A closeup of the platform ceiling and chandeliers. While we were there the 6 trains kept slowly rolling through their loop, their wheels screeching loudly on the sharp curve.
One not so hidden secret for the non paying tourists is to stay on the 6 train at the end and check out the station as the train makes it’s loop. Supposedly conductors will sometime allow this – the guides say do it on a bright sunny day so there is some light from the skylights.
There are a few plaques commemorating the opening of the subway system.
A close up view of the arched ceiling tile work.
A close up view of the City Hall station sign mosaic and a skylight.
The view down the platform into the tunnel with an oncoming train.
Clearly I couldn’t get enough shots of the curved platform and ceiling. The style is known as a Guastavino Vault – the tile arch system using self supported arches and architectural vaults with interlocking terracotta tiles and layers of mortar.
It is named for Rafael Guastavino who immigrated to New York in 1881 from Barcelona. His work, and others in this style grace numerous buildings throughout New York City and beyond, including the Ellis Island Great Hall.

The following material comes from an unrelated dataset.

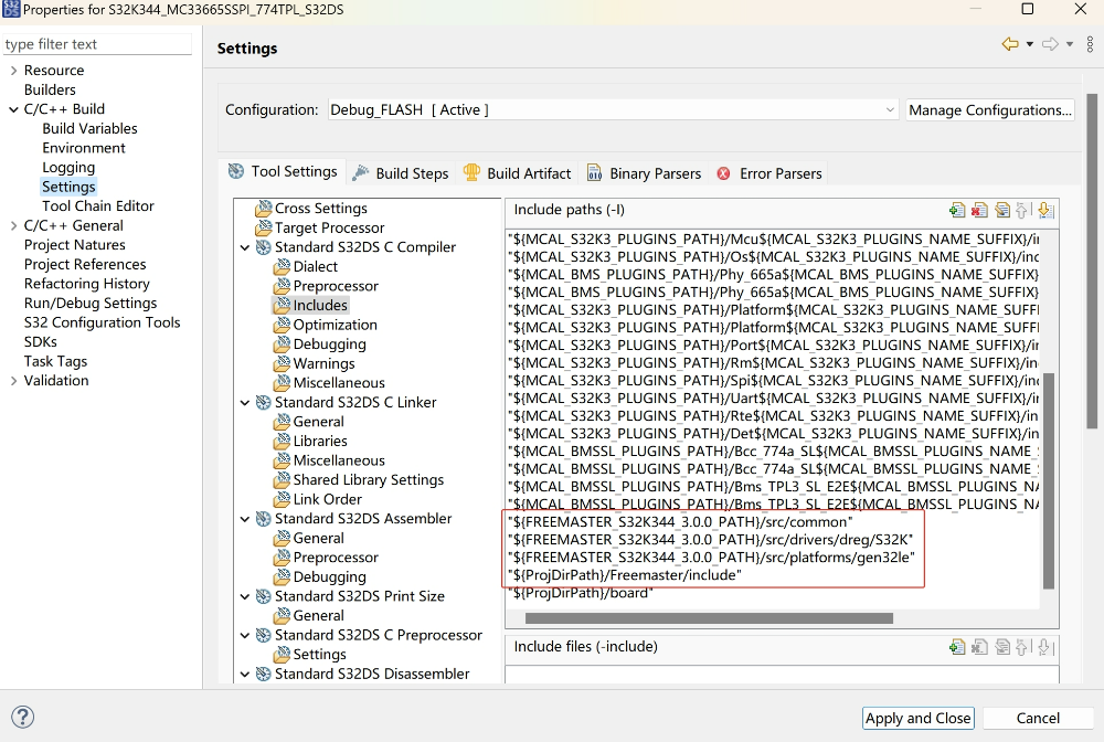 之後就是在工程屬性設置中將“src/common”、“src/drivers/dreg/S32K”、“src/platforms/gen32le”以及“freemaster_cfg.h 所在到的文件夾”全部添加進 include 路徑: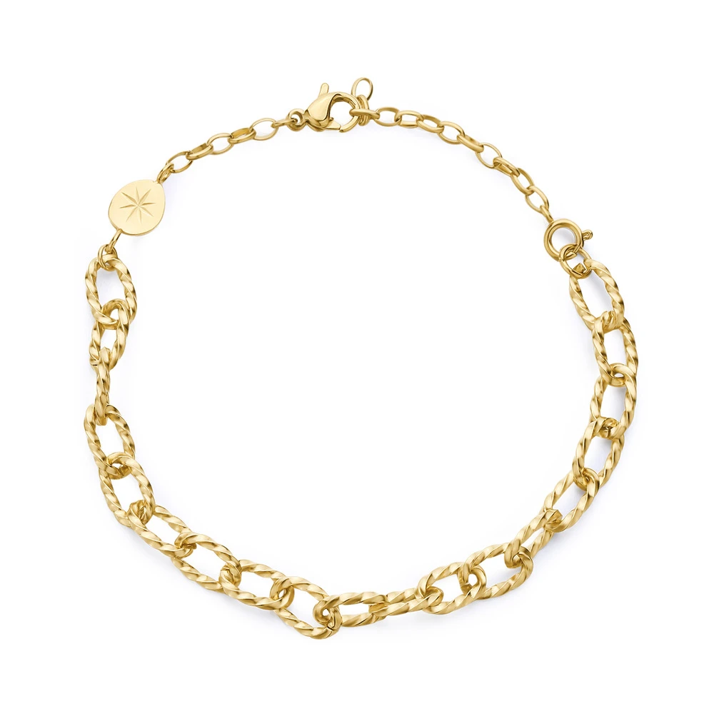 Náramek Brosway z kolekce ESSENTIAL pozlacený technologií PVD je vyrobený z chirurgické oceli. Šperky vyrobené z chirurgické oceli jsou odolné proti poškrábání, nemění barvu, neoxidují, nevyvolávají alergické reakce ani nereagují na pot a prach. Zapínání náramku je na karabinku. Délka náramku je 20 cm.

Another view of a train rolling through with the arches and skylights (darkened). With no passengers they looked like ghost trains.
One last look at the mezzanine level.
And it was time to leave. Even this was amusing as our tour was holding up the entire 6 line as they stopped, set out a ramp to cover the gap and herded us on as fast as possible, with the people not wanting to leave.
Eventually we relented, and we left this fabulous place.
I feel fortunate to have had this opportunity – thanks to a good friend and the Transit Museum.